_Task details_
For this exercise, retype the lines from the one that holds "Composición del proyecto: área" through the one that holds "Kreativní sada Mořská" in the records below, both included, exactly and without pictures.

___ Working data ___

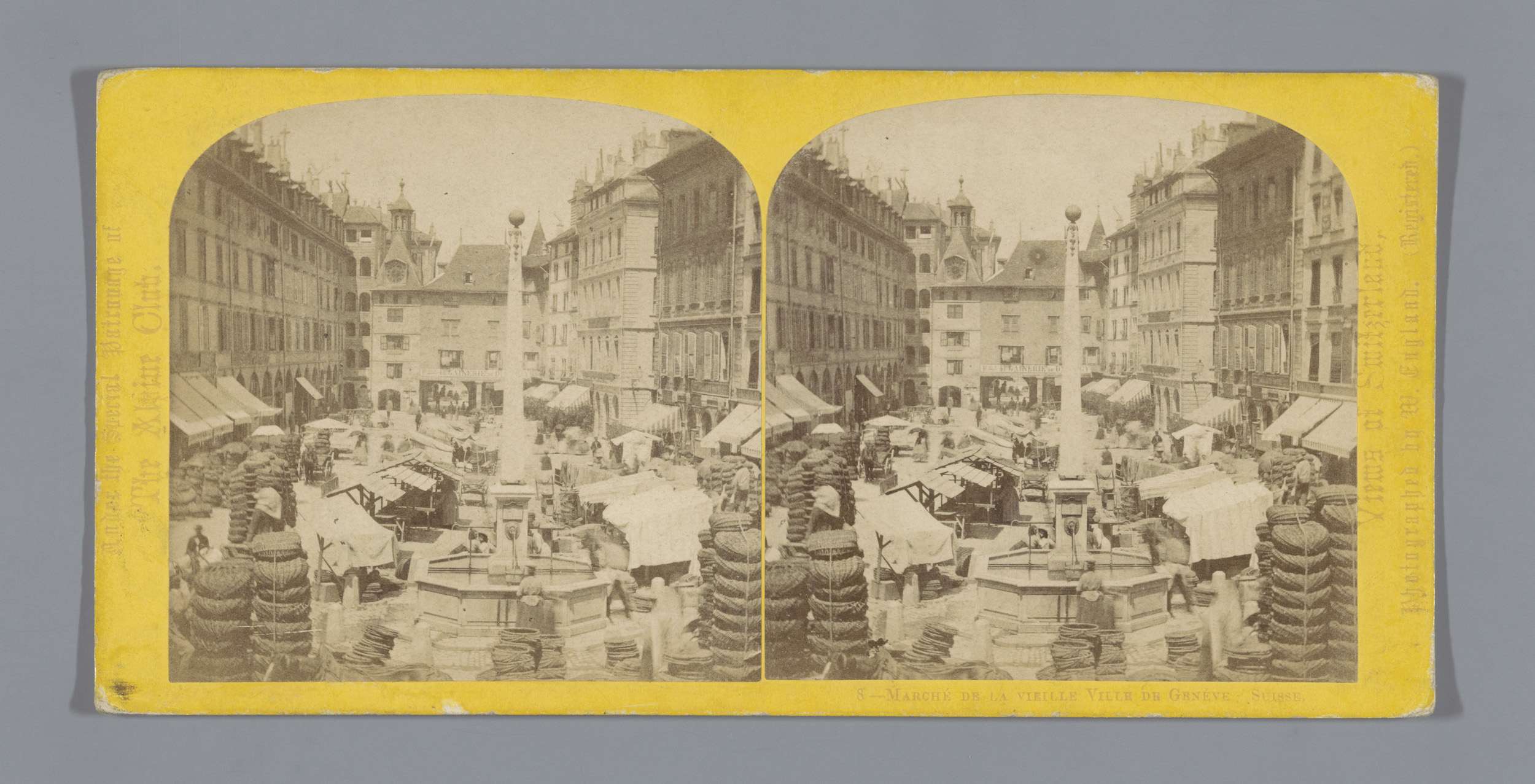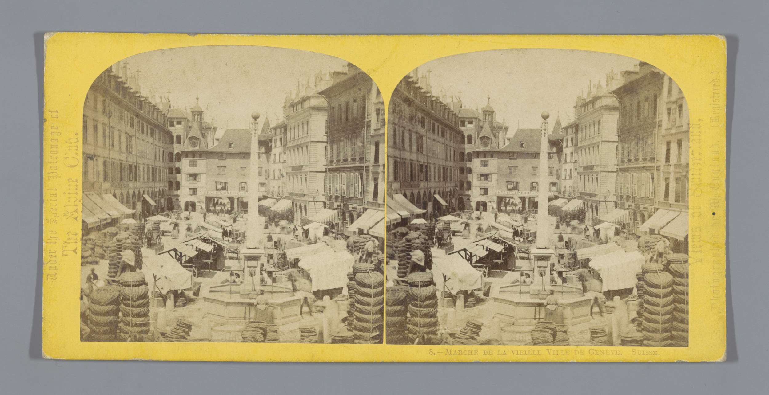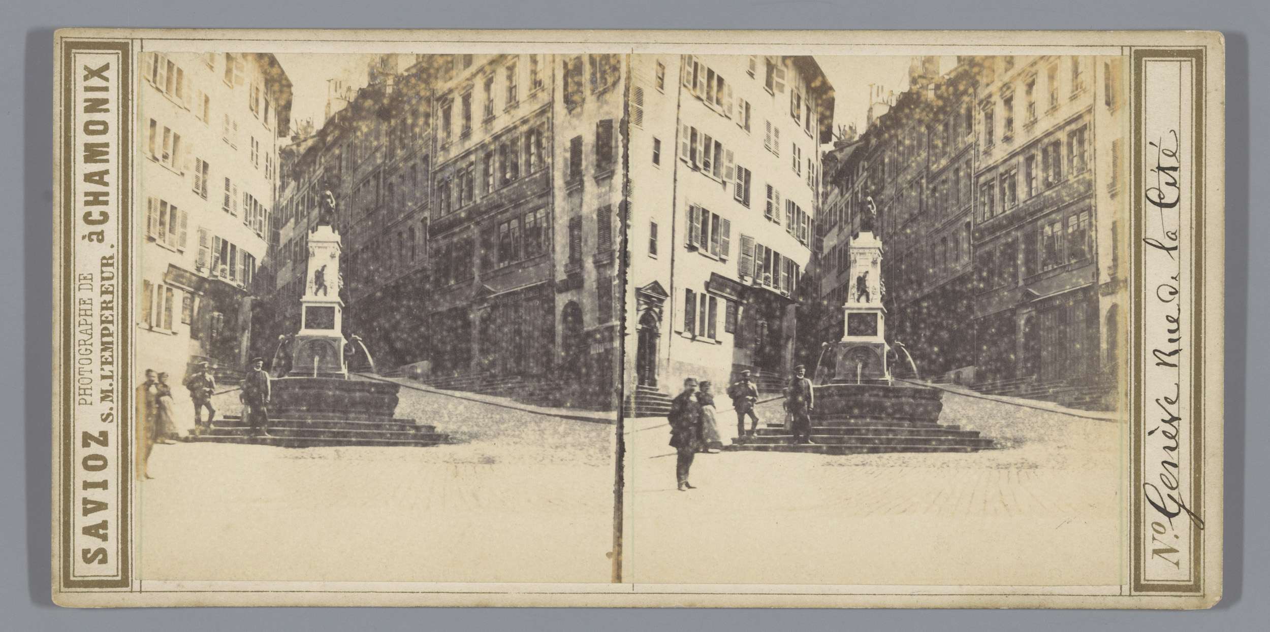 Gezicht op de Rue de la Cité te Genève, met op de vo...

___
___ Working data ___

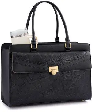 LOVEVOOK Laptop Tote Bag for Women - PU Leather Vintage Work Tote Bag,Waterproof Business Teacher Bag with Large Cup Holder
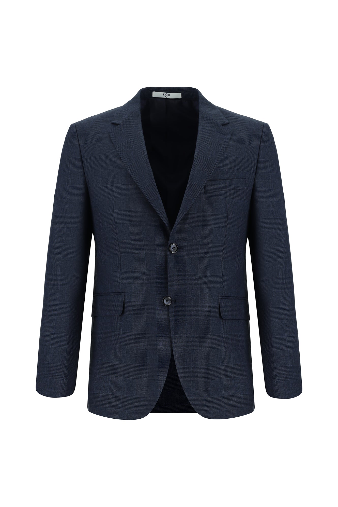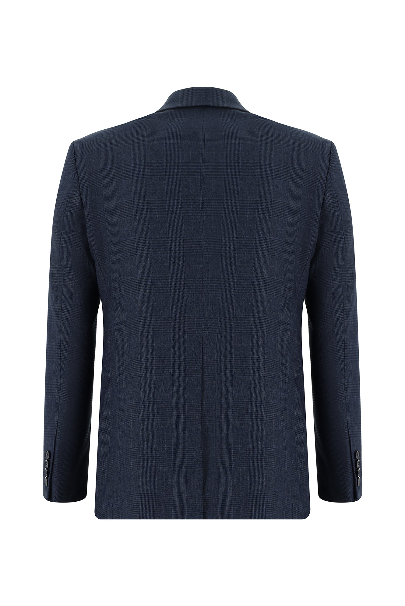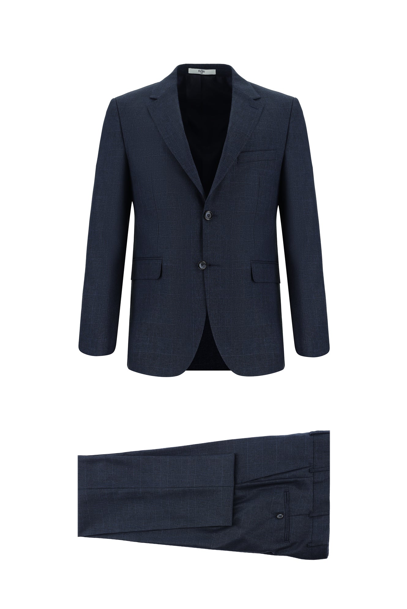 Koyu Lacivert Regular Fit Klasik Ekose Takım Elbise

___
___ Working data ___

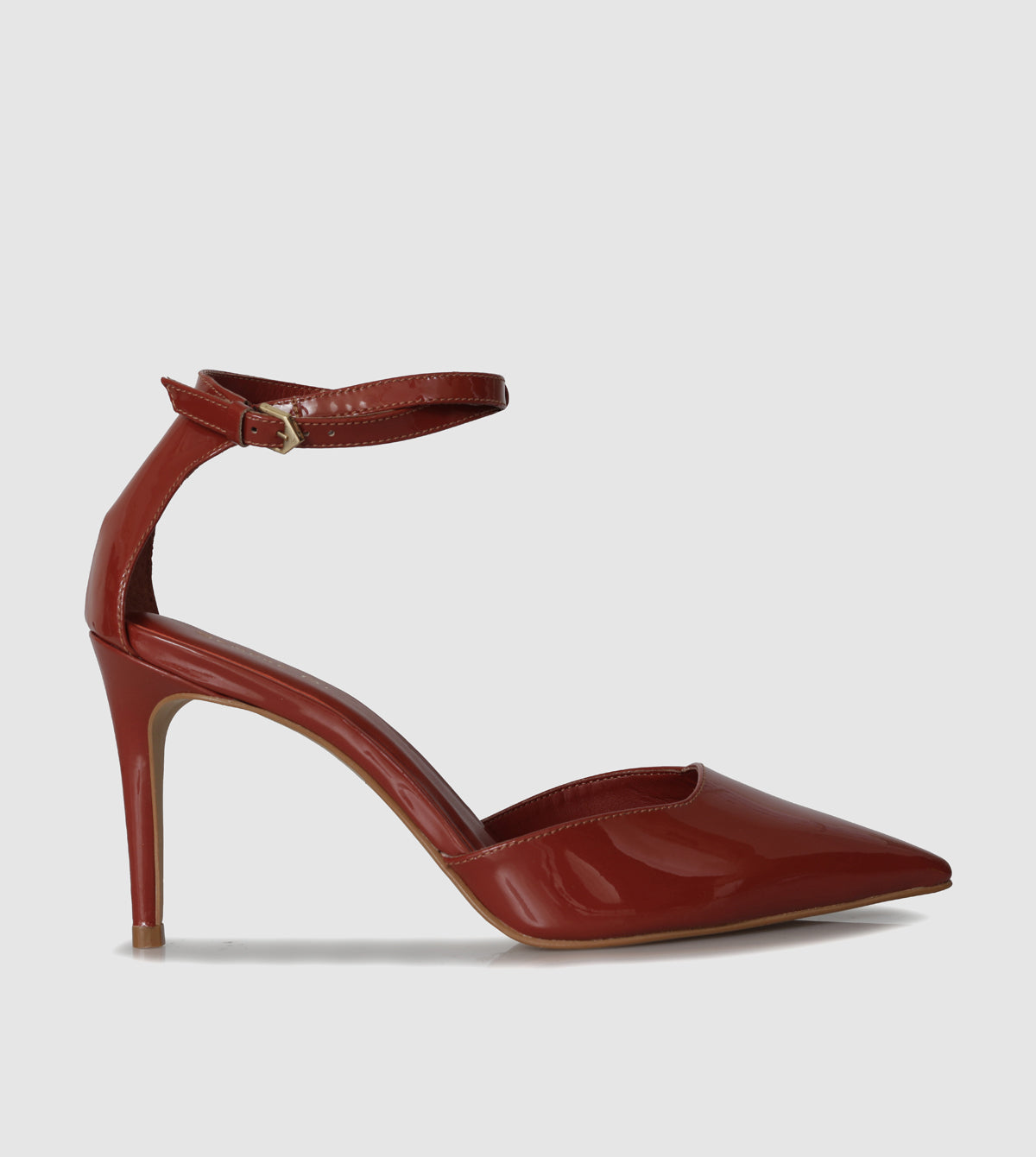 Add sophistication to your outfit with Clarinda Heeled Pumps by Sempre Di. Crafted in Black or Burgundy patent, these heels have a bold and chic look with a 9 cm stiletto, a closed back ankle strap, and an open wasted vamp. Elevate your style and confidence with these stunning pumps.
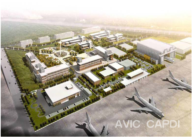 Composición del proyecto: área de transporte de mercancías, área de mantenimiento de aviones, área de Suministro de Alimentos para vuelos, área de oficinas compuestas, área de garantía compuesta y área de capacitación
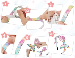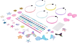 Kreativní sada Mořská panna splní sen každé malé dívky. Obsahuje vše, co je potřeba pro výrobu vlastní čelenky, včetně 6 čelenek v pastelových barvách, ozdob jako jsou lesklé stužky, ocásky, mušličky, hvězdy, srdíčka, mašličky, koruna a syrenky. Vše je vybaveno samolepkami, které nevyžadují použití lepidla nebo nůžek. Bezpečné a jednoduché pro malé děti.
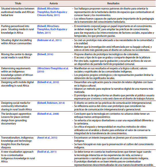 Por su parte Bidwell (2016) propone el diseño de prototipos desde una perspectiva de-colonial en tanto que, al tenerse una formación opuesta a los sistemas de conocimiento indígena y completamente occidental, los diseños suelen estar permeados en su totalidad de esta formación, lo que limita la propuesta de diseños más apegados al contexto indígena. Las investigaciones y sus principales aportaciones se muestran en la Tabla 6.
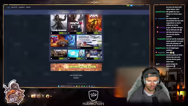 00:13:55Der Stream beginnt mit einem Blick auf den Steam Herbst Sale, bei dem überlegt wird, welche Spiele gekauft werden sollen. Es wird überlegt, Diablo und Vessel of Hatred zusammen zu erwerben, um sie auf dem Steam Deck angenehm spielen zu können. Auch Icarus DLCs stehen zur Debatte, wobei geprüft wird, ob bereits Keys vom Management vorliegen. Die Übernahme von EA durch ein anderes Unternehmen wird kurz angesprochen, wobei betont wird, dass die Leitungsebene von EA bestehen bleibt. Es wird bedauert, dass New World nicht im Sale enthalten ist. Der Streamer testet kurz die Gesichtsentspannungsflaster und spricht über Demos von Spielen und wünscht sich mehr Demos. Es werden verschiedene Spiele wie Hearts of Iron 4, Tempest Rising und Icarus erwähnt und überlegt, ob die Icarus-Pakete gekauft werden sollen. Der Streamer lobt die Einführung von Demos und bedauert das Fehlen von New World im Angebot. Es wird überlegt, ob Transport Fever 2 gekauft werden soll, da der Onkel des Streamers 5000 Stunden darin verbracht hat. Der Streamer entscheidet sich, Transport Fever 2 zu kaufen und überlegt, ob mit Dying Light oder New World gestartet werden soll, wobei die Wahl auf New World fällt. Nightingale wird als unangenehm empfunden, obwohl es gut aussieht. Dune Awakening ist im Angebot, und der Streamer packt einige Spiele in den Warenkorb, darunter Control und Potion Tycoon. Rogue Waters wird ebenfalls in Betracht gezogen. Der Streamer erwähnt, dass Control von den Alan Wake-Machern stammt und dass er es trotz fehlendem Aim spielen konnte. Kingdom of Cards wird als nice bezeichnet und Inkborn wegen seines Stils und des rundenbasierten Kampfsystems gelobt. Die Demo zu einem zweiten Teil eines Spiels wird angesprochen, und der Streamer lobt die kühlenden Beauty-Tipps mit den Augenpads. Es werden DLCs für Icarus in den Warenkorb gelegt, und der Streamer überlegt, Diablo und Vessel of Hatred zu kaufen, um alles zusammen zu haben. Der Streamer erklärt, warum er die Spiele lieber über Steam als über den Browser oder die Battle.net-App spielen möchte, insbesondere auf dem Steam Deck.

___

_Answer space_
 Composición del proyecto: área de transporte de mercancías, área de mantenimiento de aviones, área de Suministro de Alimentos para vuelos, área de oficinas compuestas, área de garantía compuesta y área de capacitación
 Kreativní sada Mořská panna splní sen každé malé dívky. Obsahuje vše, co je potřeba pro výrobu vlastní čelenky, včetně 6 čelenek v pastelových barvách, ozdob jako jsou lesklé stužky, ocásky, mušličky, hvězdy, srdíčka, mašličky, koruna a syrenky. Vše je vybaveno samolepkami, které nevyžadují použití lepidla nebo nůžek. Bezpečné a jednoduché pro malé děti.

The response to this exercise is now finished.